Санитар Махмуд, верзила араб с разбойничьим выражением лица, лучший санитар во всем здании, стал разносить на тарелках шоколадные утюжки торта с геологическими прожилками сливочного крема. Старики оживились и завертели головами. Возникла Танечка.
— Внимание, дорогие! — Профессиональная улыбка в сочетании с зорким сверлящим взглядом: не дерется ли кто, не впал ли кто в кому, не наделал ли кто в штаны, омрачив тем самым всеобщее благоухание… — Сегодня у нас праздник, дорогие! Сегодня нашей Вере исполнилось девяносто девять лет! Пожелаем же ей…
И так далее, о господи…
Повторила этот спич на русском и английском. Старики загалдели — кто одобрительно, кто так, на всякий случай.
— Что она несет? — подозрительно сощурилась бабуся. — Болтают, болтают, а роженицу выбрить некому.
— Тебя поздравляют. — Я наклонился и чмокнул ее в сухую бумажную щеку. — Тебе сегодня исполнилось девяносто девять лет.
— Бред собачий, — отозвалась она. — Мне сорок восемь, и я еще в соку. Что?!
— Ничего. Ты в соку. Открывайте рот, Вера Леопольдовна… и не жуй ты, ради бога, часами один кусок. Глотай!
— Знаете что, Гарик… — О, сегодня она была в ударе… Стоит лишь удивляться, что я, ее внук, в быту крайне редко прибегаю к тому ряду слов, который иногда очень хочется из себя выплеснуть.
География в этом зале была представлена богато: Марокко, Йемен, Ирак, все созвездие постсоветских стран, Америка и даже Новая Зеландия. В последнее время, с приездом в страну большого числа французских евреев, появились здесь и две старушенции с хорошим маникюром, кокетливыми стрижками, каркающими голосами.

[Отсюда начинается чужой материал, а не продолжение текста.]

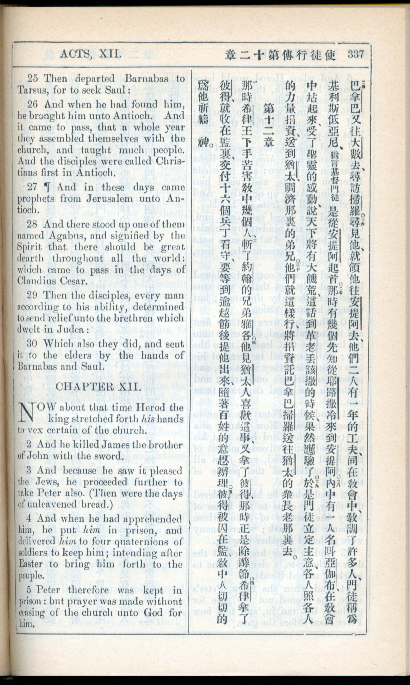 1908年新約全書(中西字) 使徒行傳 11 章 25 節到 12 章 5 節
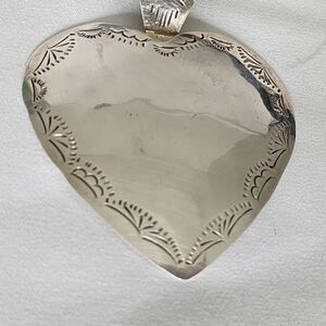 A substantial and striking vintage sterling silver heart pendant, hand-crafted in Taxco, Mexico. This statement piece features traditional Southwestern-style stamped detailing along the border and bail.

За нашим столом, кроме незабвенной бабуси, сидели: Ширале, кроткое создание восьмидесяти шести лет, бывшая узница Биркенау, с изрядным Паркинсоном и в полной прострации; Клава, девяностодвухлетняя чья-то русская теща, в ясном уме и с юдофобией такой неистовой силы, которая держала ее на плаву, бодрила и не давала спасовать перед возрастом; четвертой была заслуженная учительница Белорусской ССР Маргарита Витальевна (она подчеркивала отчество и не позволяла никому, даже Махмуду, не выговаривающему более двух русских слогов, называть себя, как порывался он, — «Марой»). Маргарита Витальевна была еще ого-го, ходила сама, опираясь на палочку, помнила школьную программу. Навещали эту абсолютно одинокую старуху две ее выпускницы шестидесяти восьми лет, которых она нещадно гоняла и жучила. Она враждовала с Клавой до того, что несколько раз их даже рассаживали по разным столам. Но положение нашего стола — у самого окна, над широкой панорамой городка и пустынных гор — считалось самым выигрышным, за место это сражались, так что заслуженная учительница стучала на Клаву — буквально, металлической кружкой по столу, — а та посыпала ее «жидами и масонами», ничуть не смущаясь, что и сама волею судеб вынуждена закончить дни в жидомасонском приюте.
После того как незабвенная бабуся послала Гарика по известному адресу, Клава проговорила твердо и ясно:
— Вот это наш человек.
— А иди ты в… — энергично отозвалась Вера Леопольдовна. — Я тебя погоню без выходного пособия! Не акушерка ты, а манда собачья!
— Так, бабуся… — Я вытер ей салфеткой подбородок и усы и решительно взялся за ручки кресла. — А теперь мы погуляем…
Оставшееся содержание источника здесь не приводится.